The path to implement option 3 would be similar to fairly well documented tactics for moving a single git branch with a (mostly) linear history into subversion, but would have to take into account multiple branches. Specifically, some areas of difficulty would seem to be:

  1. keeping cruft out of the public git repository – when dcommitting using git-svn, the branch that you dcommit from is changed as meta-data is embedded into the commits. In order to use git-svn you would need to design a mechanism that could merge changes from the branch where a commit lands, into a branch which has been associated with a subversion branch, and dcommit from there.
  2. incremental commits — An extension of #1, commits are made into the internal git repository, it would be required that you then move these commits into the branch from where you can dcommit. Doing so will require that you establish a merge base (common ancestor) between the pristine actual branch in git, and the git branch that’s associated with subversion.
  3. non-linearity and git merges — Whenever you have a merge commit in git (a commit with more than one ancestor), you create an instance of non-linearity where git-svn will preserve changes but loose commit history. There may be cases where git-svn will simply break (!?)
  4. sub-modules — git sub-modules (which point to remote git repositories) cannot be mapped onto svn:externals (which point to remote subversion repositories), so there would need to be a mechanism that could either fetch and commit the remote sub-module, or
  5. changing history — in git it’s very possible to change the history of a remote repository. Subversion would get really pissed and the whole mechanism would probably go to hell.

Hairy, no?

Non-linearity and git-svn

Above it was mentioned that git-svn will attempt to collapse non-linear histories in git into something linear in subversion.

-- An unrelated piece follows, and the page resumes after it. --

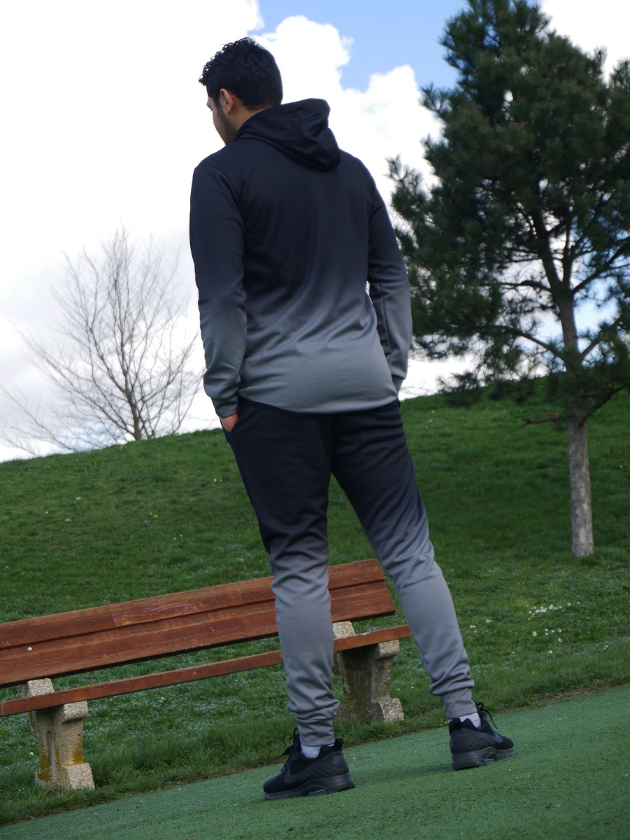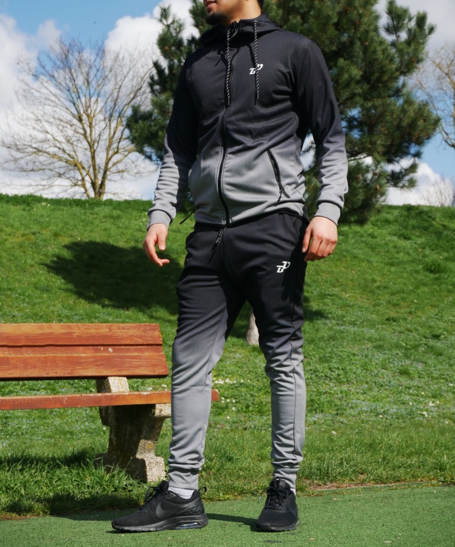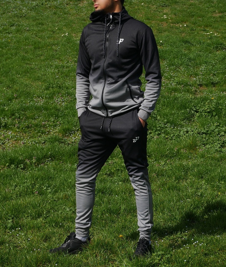 Dans un coloris gris nuancé, notre ensemble survêtement sera votre compagnon lors de vos moments détentes ou training en semaine ou en week-end. Ce survêtement complet est très tendance cette année avec son effet dégradé.

A concrete example of this in action follows: This is your commit history in git:

* fef76c5 Merge branch 'newb'
|\
| * d49b6d4 a third change on the newb branch
| * 7a1ecfa a second commit on the newb branch
| * 9197078 commit #1 on the newb branch
* | 9332815 (testing) master branch commit
|/
* d1b9181 Merge branch 'test_branch'
|\
| * 2f74914 a test commit
* | 792cc2c a test commit on the main branch
|/
* a01c1ff fix svn:ignore props

This is your git commit history once dcommitted via git-svn

* 4090f22 Merge branch 'newb'
* c3a85f5 (testing) master branch commit
* 4ad5b30 Merge branch 'test_branch'
* 792cc2c a test commit on the main branch
* a01c1ff fix svn:ignore props

When looking at the commits, changes 9197078, 7a1ecfa, and d49b6d4 in the former non-linear history are all combined into 4090f22 once they’ve been routed through git-svn.

Now What?

I’ve implemented a Subversion Primary system myself, with great success, and I’ve seen the “periodic snapshot” approach used effectively to implement a Dumb Subversion Backup. While it seems like one could go further to backup more information from git incrementally into subversion, I fear the resultant system might be too brittle and high maintenance to make any sense. What do you think? Have you ever seen an automatic git –> subversion backup that didn’t suck?